Is it possible to combine prefer_high_scores and prefer_uncertain so that a combination of high score and mid score documents can be batched out

I would like to batch out a combination of high score documents and mid-score documents to annotators (roughly 9:1 ratio). I am not sure how it can be done. Currently, my relevant setup is as follows:

nlp = spacy.load(MODEL_PATH, disable=["parser", "ner"])
stream = get_stream_filter(source, db, dataset)
stream = add_tokens(nlp, prefer_high_scores(model_score(stream, nlp)))

where the model_score function is defined as follows:

def model_score(stream, nlp):
    for eg in stream:
        yield (nlp(eg["text"]).cats["COMPLIMENT"], eg)

Any pointers would be greatly appreciated! Thanks.

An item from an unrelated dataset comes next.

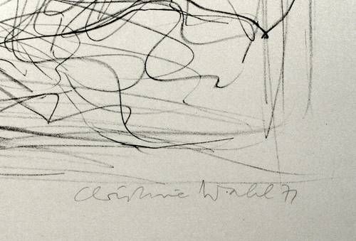 1971. Lithografie / Kreidelithografie, in Schwarz, auf hellchamois Velin. – Originale Künstlergrafik, von Christine Wahl. – Auflage 70 Exemplare. – 31,2 x 39,2 cm (Darstellung / Druckbild), 42 x 60 cm (Blatt).

Hi! I think for a use case like that, you probably just want to write your own sorter function. Under the hood, the sorters like prefer_high_scores and prefer_uncertain are just functions that take a stream of (score, example) tuples and decide whether to yield and example. For instance:

def custom_sorter(scored_stream):
    for score, eg in scored_stream:
        # TODO: your conditional logic that decides whether to send 
        # out the example or not
        yield eg

Within that function, you can keep any state, like a counter of the high/uncertain scores you sent out previously to make sure you keep the same ratio. Depending on your data, you might also want to include logic to ensure that you don't get stuck in a suboptiomal state and stop sending out examples – for instance, if your model somehow only ends up producing super low scores. (In the built-in sorters, Prodigy uses an exponential moving average.)